Estimated Time To Read This: 2 – 4 minutes      


I’ve spent a lot of time over the last few years building websites in PHP using FileMaker as a back end (starting with Chris Hansen’s FX.PHP, then switching over to FileMaker’s own PHP API) but I’d never really used FileMaker’s built-in PHP Site Assistant. Since I am used to coding everything myself  I never really saw the need for it, but I decided to try it out recently just as a test to see how it works.

The Site Assistant can be started from a couple of places. On the FileMaker server admin page, click on PHP Site Assistant and XSLT Site Assistant Tools, and on the subsequent page click on Start PHP Site Assistant. You can also run it from the Tools menu in FileMaker Advanced. From there, it’s pretty straightforward to use: select your database server, then select a database. The assistant then asks you to choose a Layout Group – basically, it lists all table occurrences in the file that have layouts associated with them, and you have to choose one. That’s one of the big limitations; the site has to be based on a single table (although you can work around this to an extent by using related fields and portals to display related data).

You then pick a site profile which determines which web pages are created. Again, kind of limited; there are only a handful of profiles available. It would be nice if you could just select which pages you want.
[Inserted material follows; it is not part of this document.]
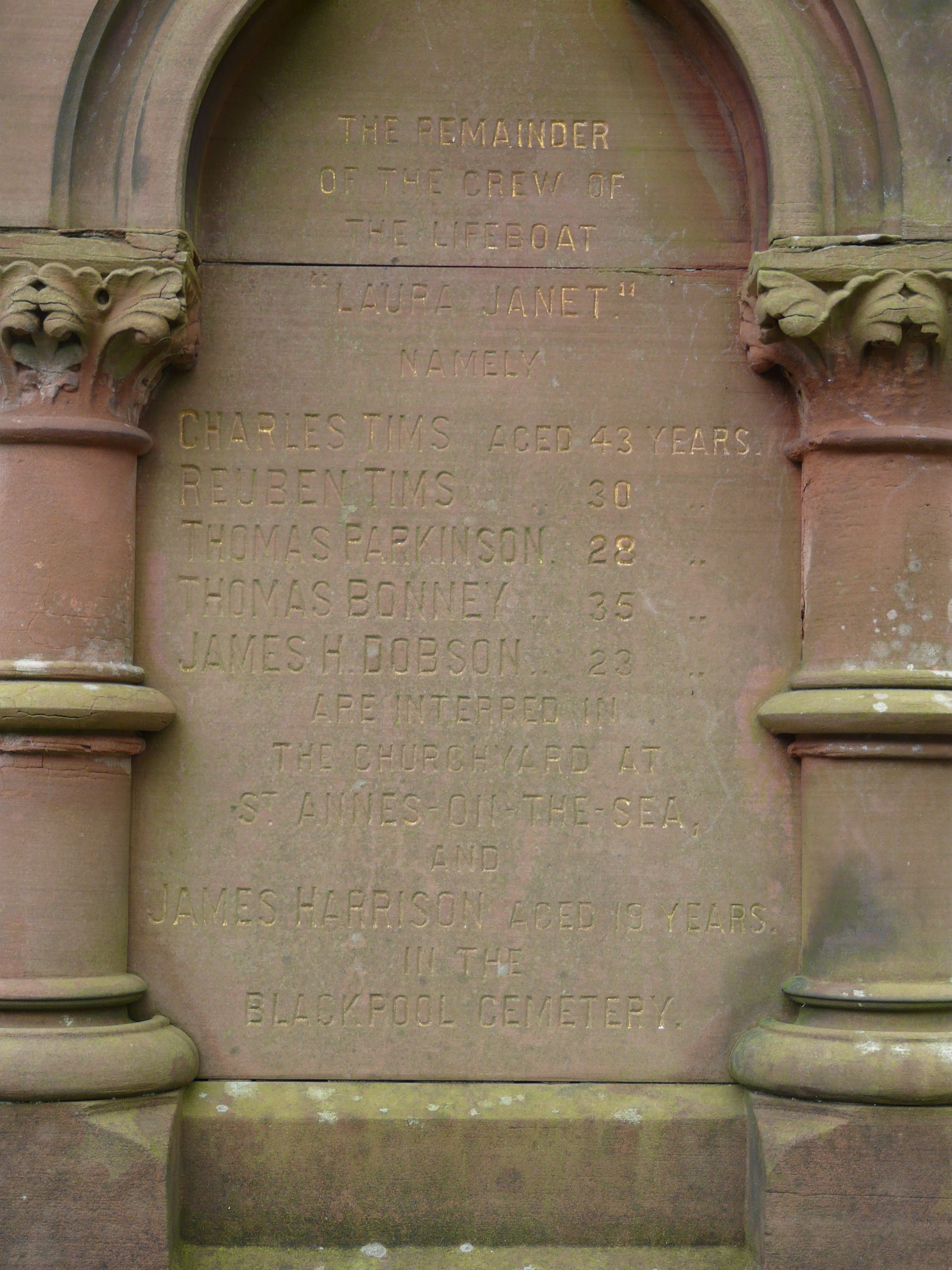 Detail of memorial at St Cuthbert's Church, Lytham, Lancashire, UK to the loss of the RNLI lifeboat "Laura Janet" 9 December 1886.

You tweak the pages a bit by selecting which fields are displayed on which one, and in which order, but that’s about the extent of it.

The PHP code that’s generated seems to be pretty well written, though it may be tough to follow if you aren’t used to using object-oriented code in PHP. One of the annoying things I found is that they don’t specify the address for the FileMaker server anywhere in the code, so if your website is on a different machine than your FileMaker server, you’ll have to add this in to every page. Another small gripe is that the main page is called home.php rather than the standard index.php. Maybe it’s not a big deal, but most web servers are set up to look for index.php as the home page for a site, so it would have been nice if they had followed suit.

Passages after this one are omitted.